What is needed.
Down to the last line, print the data that follows exactly, without its pictures.

Stored items:
....
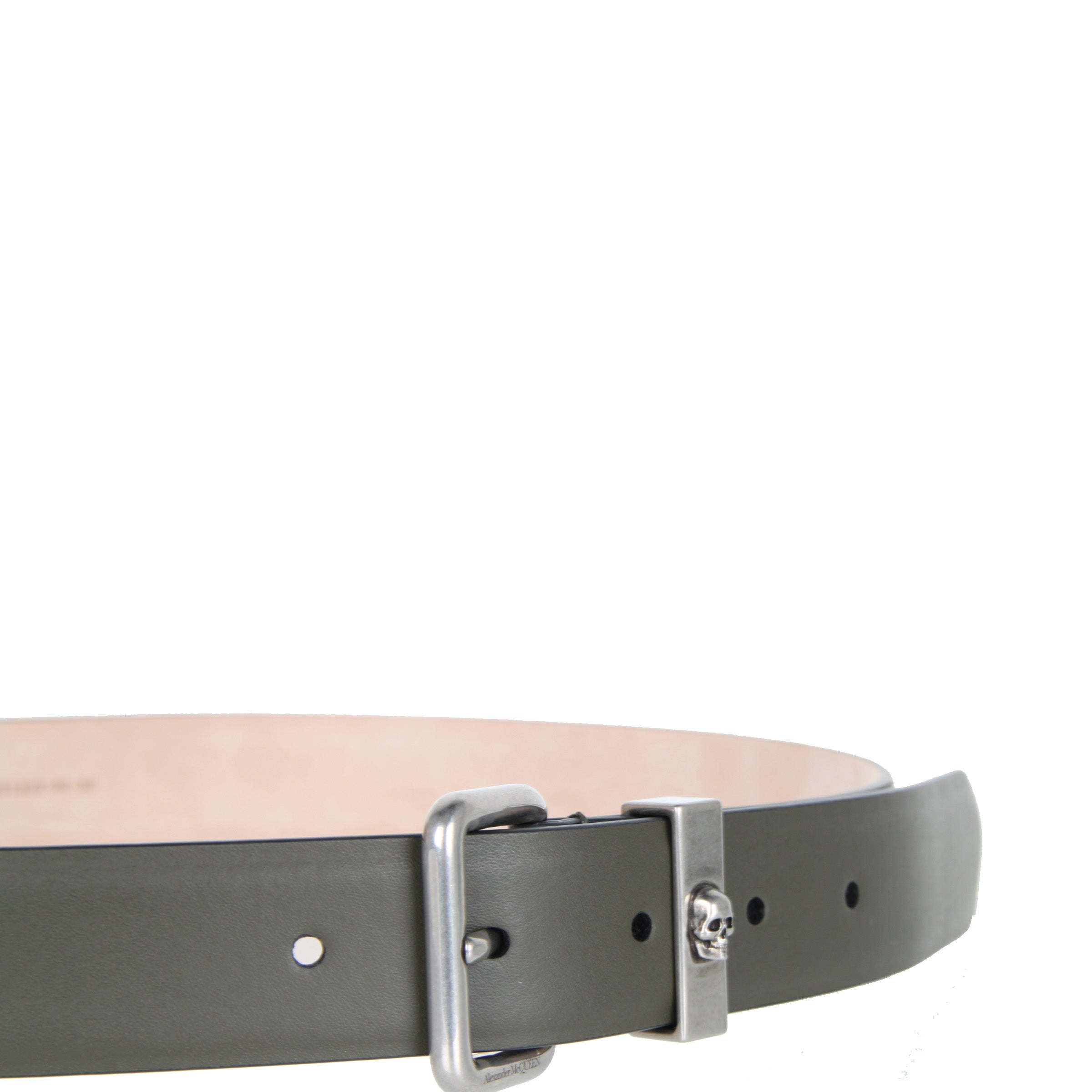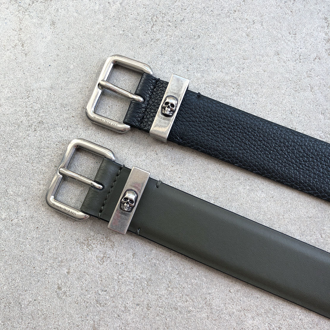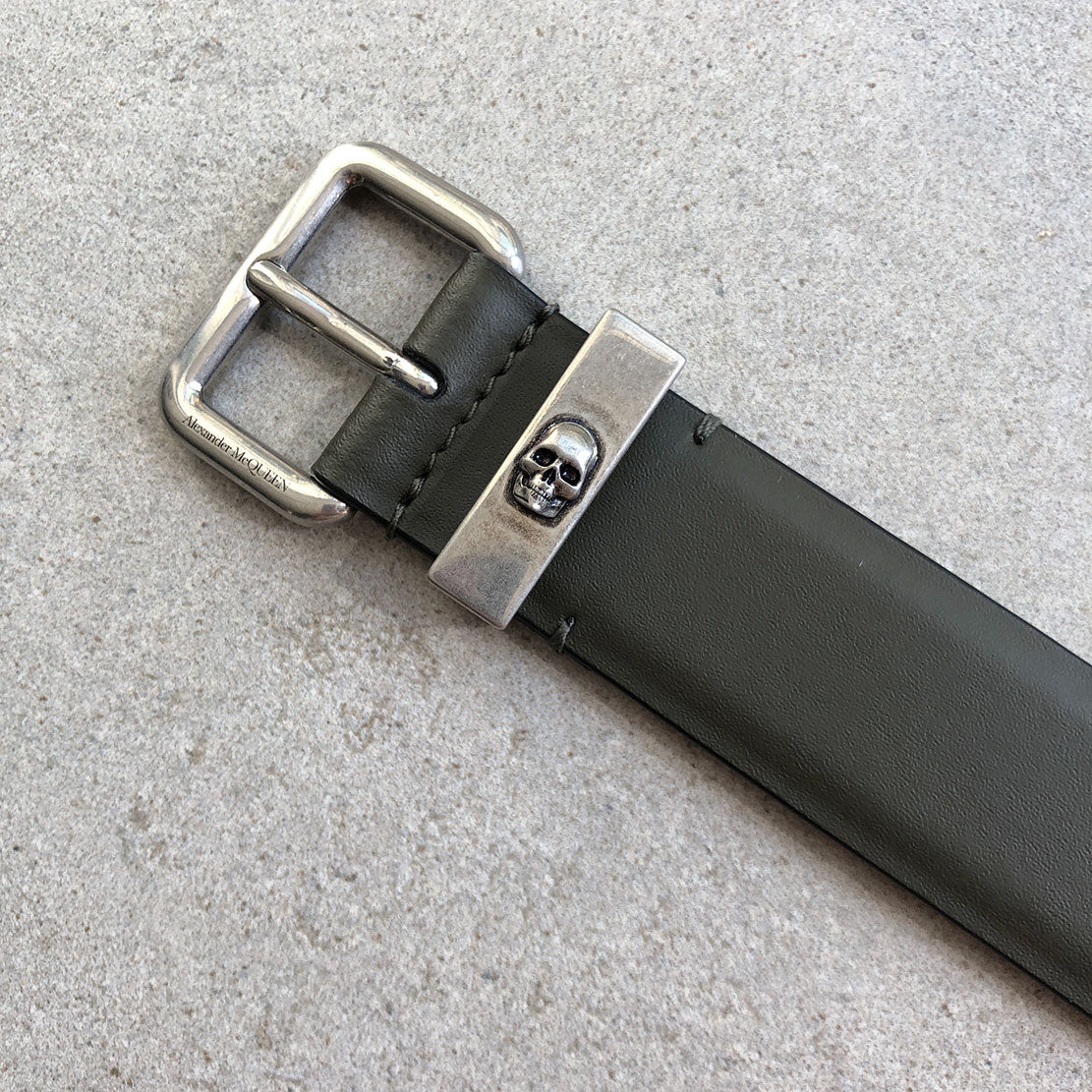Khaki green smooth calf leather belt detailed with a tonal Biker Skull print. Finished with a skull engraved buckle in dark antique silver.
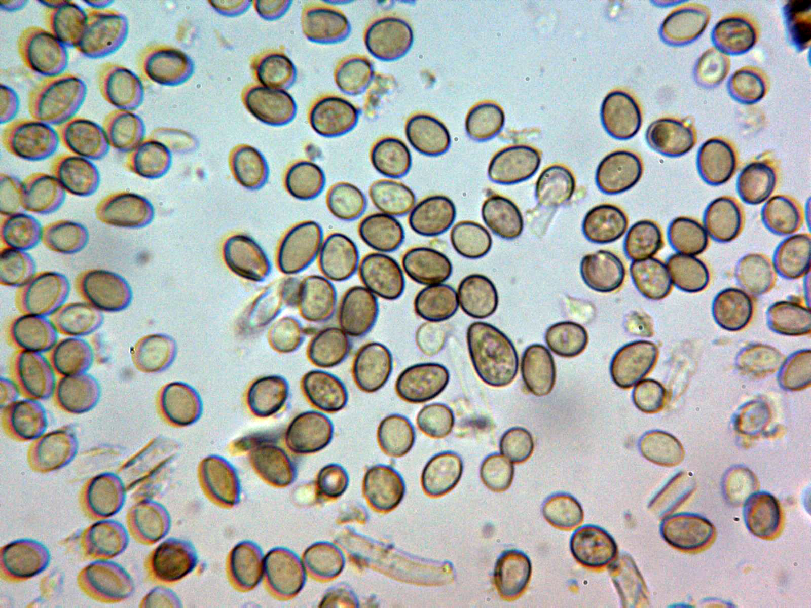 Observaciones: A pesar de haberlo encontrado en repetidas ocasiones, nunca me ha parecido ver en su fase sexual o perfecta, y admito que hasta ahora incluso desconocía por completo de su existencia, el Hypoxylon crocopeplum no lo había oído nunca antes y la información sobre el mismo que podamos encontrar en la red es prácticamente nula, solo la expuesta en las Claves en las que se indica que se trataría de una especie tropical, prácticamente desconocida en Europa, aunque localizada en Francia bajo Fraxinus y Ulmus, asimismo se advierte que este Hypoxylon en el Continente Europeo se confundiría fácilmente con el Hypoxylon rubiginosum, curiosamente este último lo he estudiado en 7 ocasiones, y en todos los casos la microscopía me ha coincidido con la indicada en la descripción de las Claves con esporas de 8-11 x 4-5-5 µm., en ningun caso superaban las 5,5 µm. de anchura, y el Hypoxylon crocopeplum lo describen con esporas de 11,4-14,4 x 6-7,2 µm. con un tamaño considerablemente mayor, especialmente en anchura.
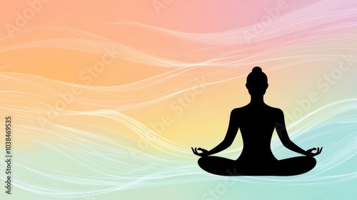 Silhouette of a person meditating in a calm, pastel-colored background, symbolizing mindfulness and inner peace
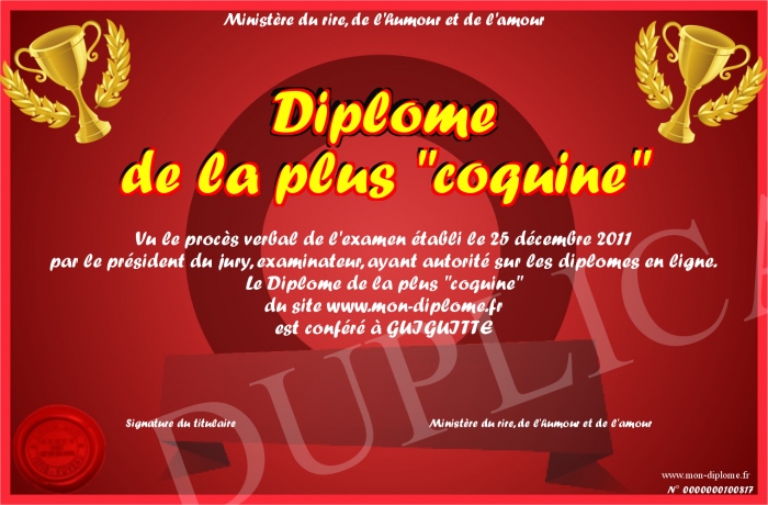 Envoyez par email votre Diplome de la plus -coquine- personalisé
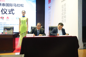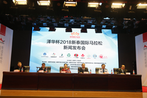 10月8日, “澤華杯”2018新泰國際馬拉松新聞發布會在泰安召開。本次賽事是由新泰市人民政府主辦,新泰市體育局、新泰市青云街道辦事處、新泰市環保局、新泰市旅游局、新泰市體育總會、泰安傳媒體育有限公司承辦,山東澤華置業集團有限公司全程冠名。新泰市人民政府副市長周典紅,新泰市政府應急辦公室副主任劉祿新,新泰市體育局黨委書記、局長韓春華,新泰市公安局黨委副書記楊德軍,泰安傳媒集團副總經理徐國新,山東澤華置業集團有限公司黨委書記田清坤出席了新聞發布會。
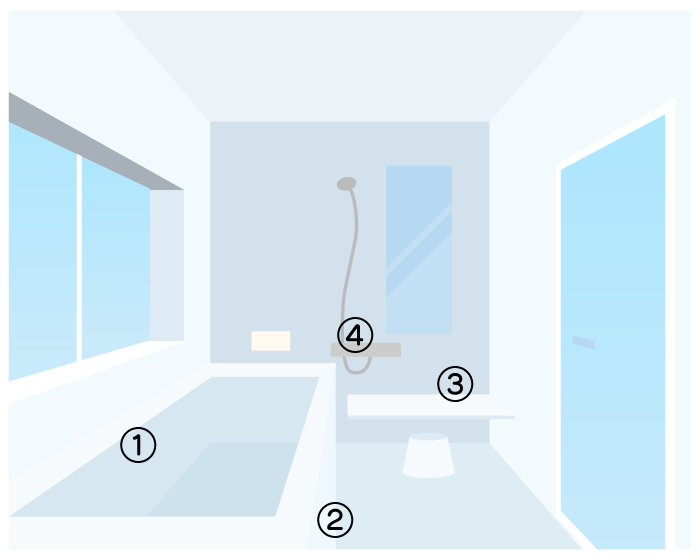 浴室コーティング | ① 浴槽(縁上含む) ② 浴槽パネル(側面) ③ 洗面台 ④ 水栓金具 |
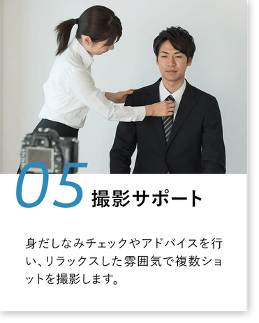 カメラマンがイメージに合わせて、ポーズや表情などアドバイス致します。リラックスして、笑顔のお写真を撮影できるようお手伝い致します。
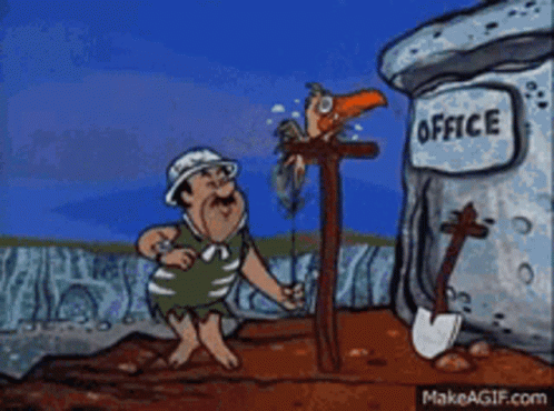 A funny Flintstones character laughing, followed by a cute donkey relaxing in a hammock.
....
Exercise response.
Khaki green smooth calf leather belt detailed with a tonal Biker Skull print. Finished with a skull engraved buckle in dark antique silver.
 Observaciones: A pesar de haberlo encontrado en repetidas ocasiones, nunca me ha parecido ver en su fase sexual o perfecta, y admito que hasta ahora incluso desconocía por completo de su existencia, el Hypoxylon crocopeplum no lo había oído nunca antes y la información sobre el mismo que podamos encontrar en la red es prácticamente nula, solo la expuesta en las Claves en las que se indica que se trataría de una especie tropical, prácticamente desconocida en Europa, aunque localizada en Francia bajo Fraxinus y Ulmus, asimismo se advierte que este Hypoxylon en el Continente Europeo se confundiría fácilmente con el Hypoxylon rubiginosum, curiosamente este último lo he estudiado en 7 ocasiones, y en todos los casos la microscopía me ha coincidido con la indicada en la descripción de las Claves con esporas de 8-11 x 4-5-5 µm., en ningun caso superaban las 5,5 µm. de anchura, y el Hypoxylon crocopeplum lo describen con esporas de 11,4-14,4 x 6-7,2 µm. con un tamaño considerablemente mayor, especialmente en anchura.
 Silhouette of a person meditating in a calm, pastel-colored background, symbolizing mindfulness and inner peace
 Envoyez par email votre Diplome de la plus -coquine- personalisé
 10月8日, “澤華杯”2018新泰國際馬拉松新聞發布會在泰安召開。本次賽事是由新泰市人民政府主辦,新泰市體育局、新泰市青云街道辦事處、新泰市環保局、新泰市旅游局、新泰市體育總會、泰安傳媒體育有限公司承辦,山東澤華置業集團有限公司全程冠名。新泰市人民政府副市長周典紅,新泰市政府應急辦公室副主任劉祿新,新泰市體育局黨委書記、局長韓春華,新泰市公安局黨委副書記楊德軍,泰安傳媒集團副總經理徐國新,山東澤華置業集團有限公司黨委書記田清坤出席了新聞發布會。
 浴室コーティング | ① 浴槽(縁上含む) ② 浴槽パネル(側面) ③ 洗面台 ④ 水栓金具 |
 カメラマンがイメージに合わせて、ポーズや表情などアドバイス致します。リラックスして、笑顔のお写真を撮影できるようお手伝い致します。
 A funny Flintstones character laughing, followed by a cute donkey relaxing in a hammock.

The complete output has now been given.